Here’s a shot seen outside the studio during last week’s North Carolina Night. As you can see the evening is almost over – five breaks down, one to go.
UNC-TV creates hundreds of hours of original programming a year and much of it needs to be edited into the final product you would see on your television. That equates to thousands of hours of raw footage and B roll that must be seen in order to create that final product.
Nowadays, most of the material is digital and can be viewed from an office PC, laptop or similar device. In years past, it might be on any manner of videotape that could require a special tape deck or playback machine to watch. Thus screening rooms were set up where producers, directors, talent and other personnel could view raw footage or the perhaps a final edited product.
FYI: since the advent of digital, these screening rooms are virtually unused and most have been converted into audio booths or coopted as storage space or something else entirely. What’s in this one? Can’t tell you – the door is locked.
For some reason tote bags have always been associated with public broadcasting. It’s almost a cliché really. But, true enough, tote bags have been handed out in various forms by PBS stations for decades. I don’t know if the one pictured below was a giveaway or not but it caught my eye recently when I spied it in a meeting room.
It’s a Mister Rogers’ Neighborhood bag featuring the Neighborhood Trolley. Might be an obscure premium from a long-forgotten fund drive or a kitschy collectible from PBS Kids past. Regardless, I thought it was a pretty neat discovery.
Chris and Martin Kratt’s unique live look at the fauna of the The Last Frontier concludes Sunday night at 8 on UNC-TV. If you haven’t been following the amazing television that is Wild Alaska Live there will be ample opportunity to watch it again (the series repeats on the Explorer Channel in August).
Here’s a shot of a promotional poster gracing a co-worker’s cubicle.
This may seem to be an odd sight for a television station but it’s one I spied recently in a small room which doubles as the offices for our on-air fund drives. If memory serves, these inflatable emoji balls (I swear – if there’s another name, it escapes me) were used for the set of some of our more recent drives. Perhaps they are now merely waiting for their next on screen appearance.

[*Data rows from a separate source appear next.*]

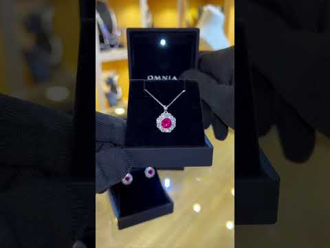 Omnia Mashael Red Pendant Necklace in 92.5 Silver with High Quality Simulated Diamonds
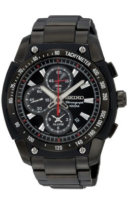 Часы-хронограф с секундомером и тахиметром. Секундомер до 60 мин и точностью 1/5сек. Тип механизма: кварцевый. Калибр 7T62. Корпус: сталь с PVD покрытием. Циферблат: черный. Браслет: стальной с PVD покрытием; Водозащита: 100WR. Подсветка: люминесцентные стрелки и метки; Звуковой сигнал: будильник. Стекло: минеральное повышенной прочности. Календарь: число. Размер: 43х43х10 мм.
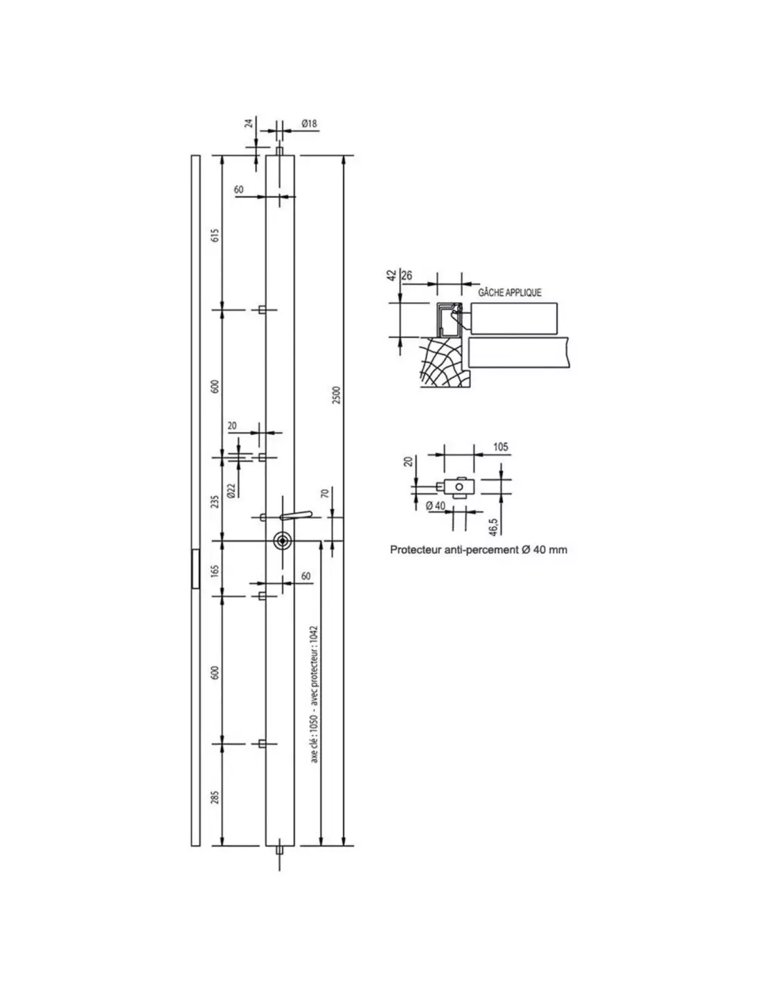 - Bandeau carénée sésame sans cylindre avec 5 points de fermeture latérale.
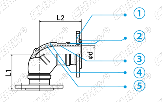 CHHW華威牌(工程系列)新型氣吹90°可曲撓橡膠彎頭-特點
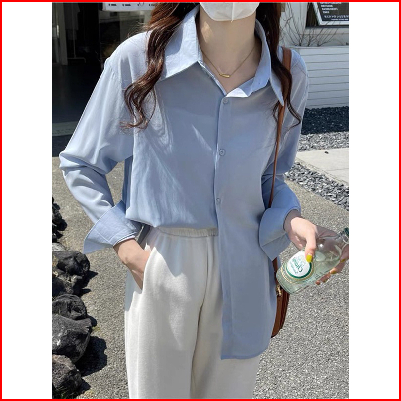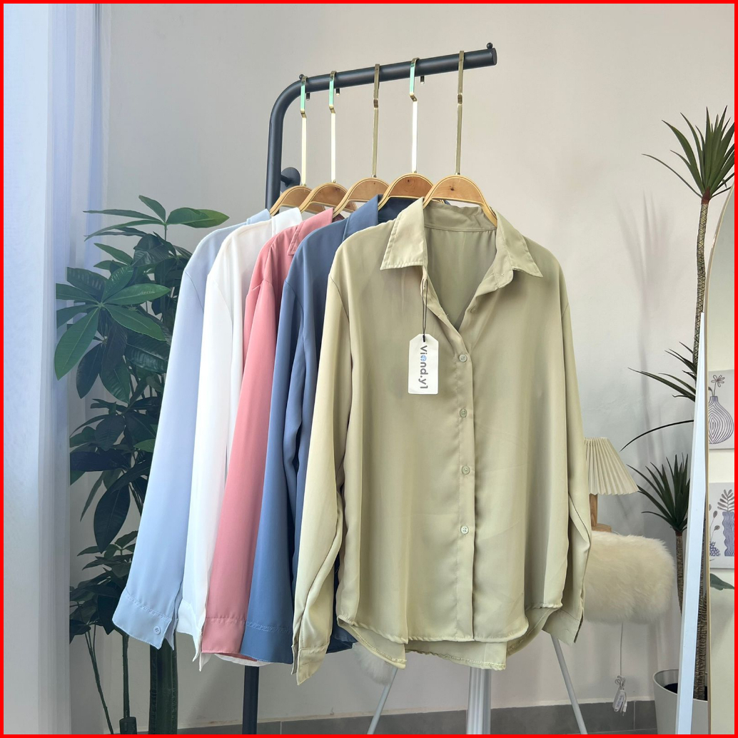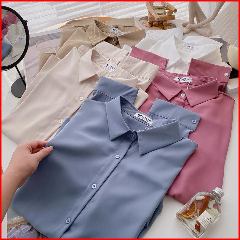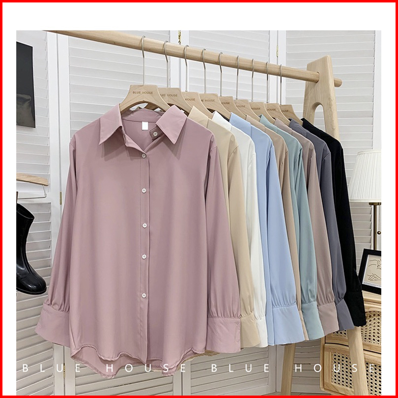 Kemeja Lengan Panjang Premium Korea Blouse Polyester Kancing Wanita Fashion Import
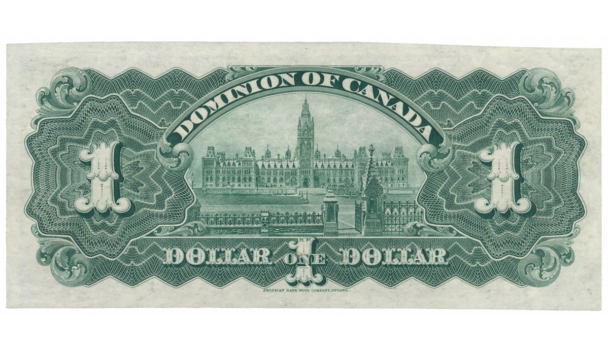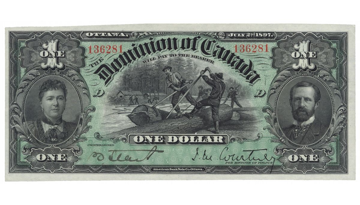 DOMINION OF CANADA. $1.00. July 2, 1897. DC-12. Signed Courtney. Green tint. No. 136281/D. BCS graded Original AU-50.
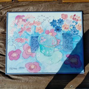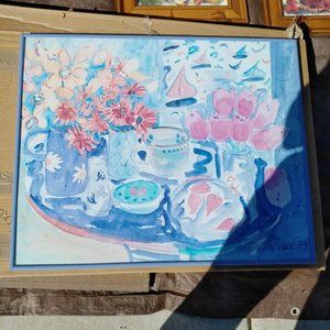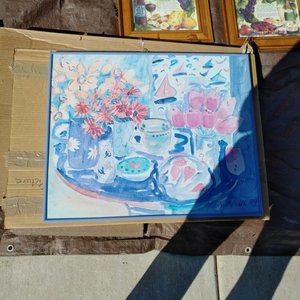 SET OF 2 PRETTY PINK AND PERIWINKLE PRINTS IN MATCHING PERIWINKLE METAL FRAMES - Cute and fun Set of 2 Pink & Periwinkle Prints in Matching Periwinkle Metal Frames. Prints are protected with glass. One Print depicts a Breakfast Table overlooking the water with sailboats floating by and the other depicts a Table set for tea. Both Prints include many colorful flowers. Creates a cheery and upbeat vibe to liven any room.
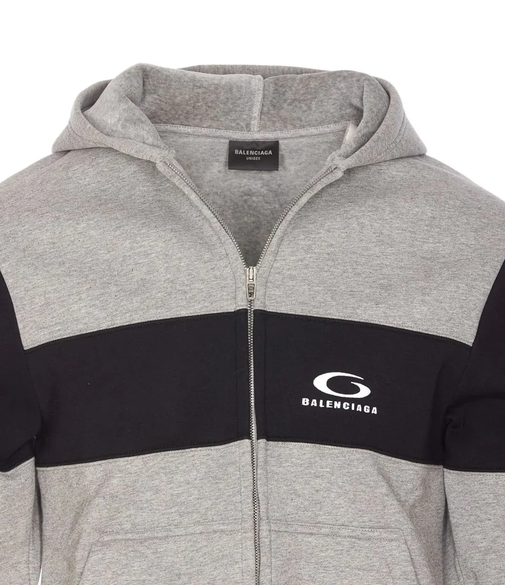 Balenciaga Grey Hoodie With Zip Closure, Embroidered Logo On The Front, Pockets, US SIZE
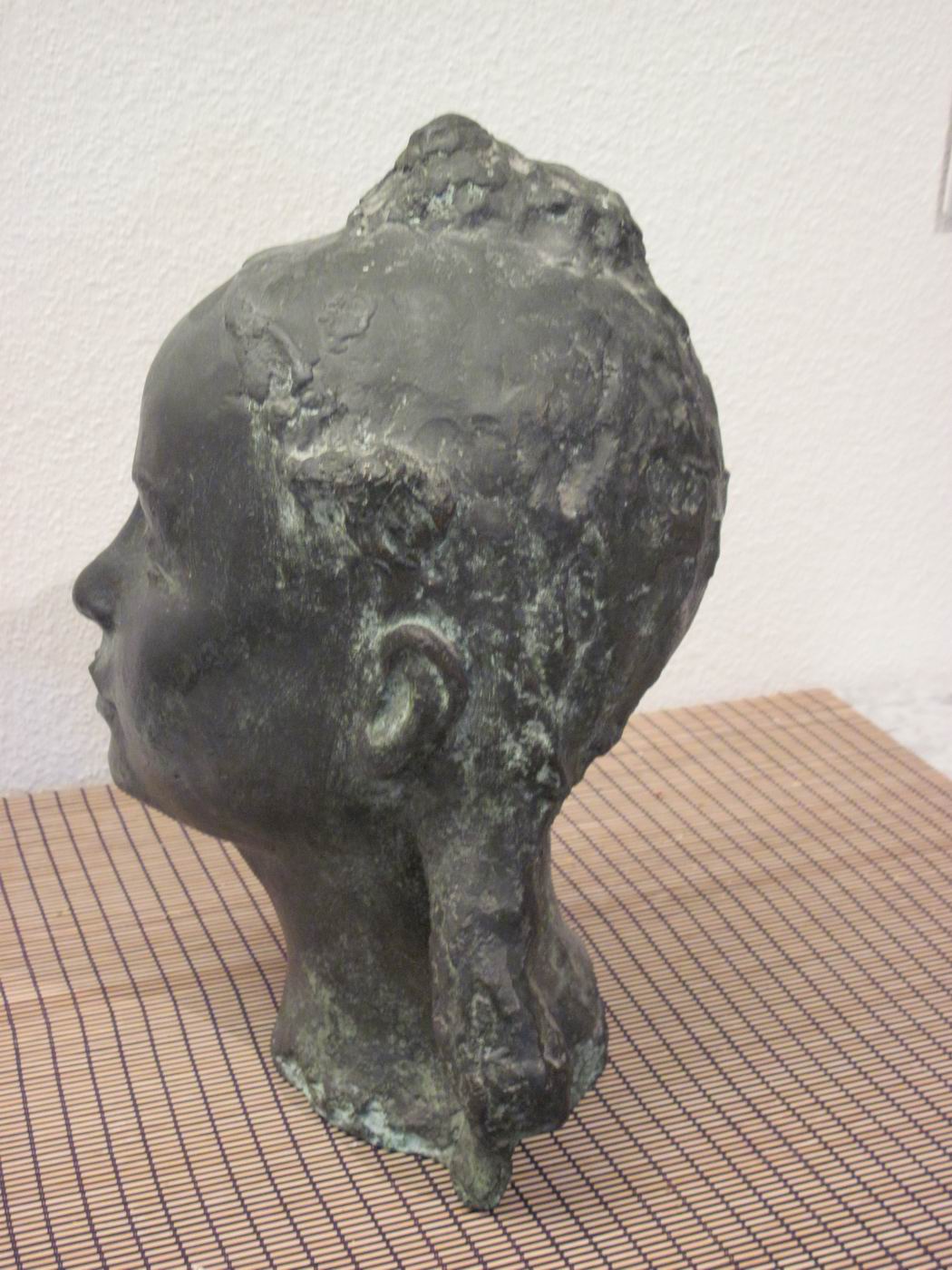 Jakob Probst, vermutl. 1936 (späterer Abguss) oder ev. auch um 1945, Mädchenkopf mit Zöpfen, vom Besitzer "Bettina" genannt, Privatbesitz, Niederalem.CH
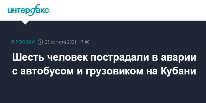 Ранее информированный источник сообщил "Интерфаксу", что несколько человек пострадали в аварии с автобусом и грузовиком вблизи хутора Соленый на Кубани. По данным источника, автобус направлялся из Судака в Курск.

Here’s a shot of one of our remote production trucks as it waits its next assignment. UNC-TV sends crews to every end of North Carolina to record interviews, concerts, press conferences and uncountable hours of footage every year for use in the numerous original programming we produce here in our RTP facilities.
If you see one of these UNC-TV vehicles on the roadways around our fair state, feel free to give ’em an encouraging wave.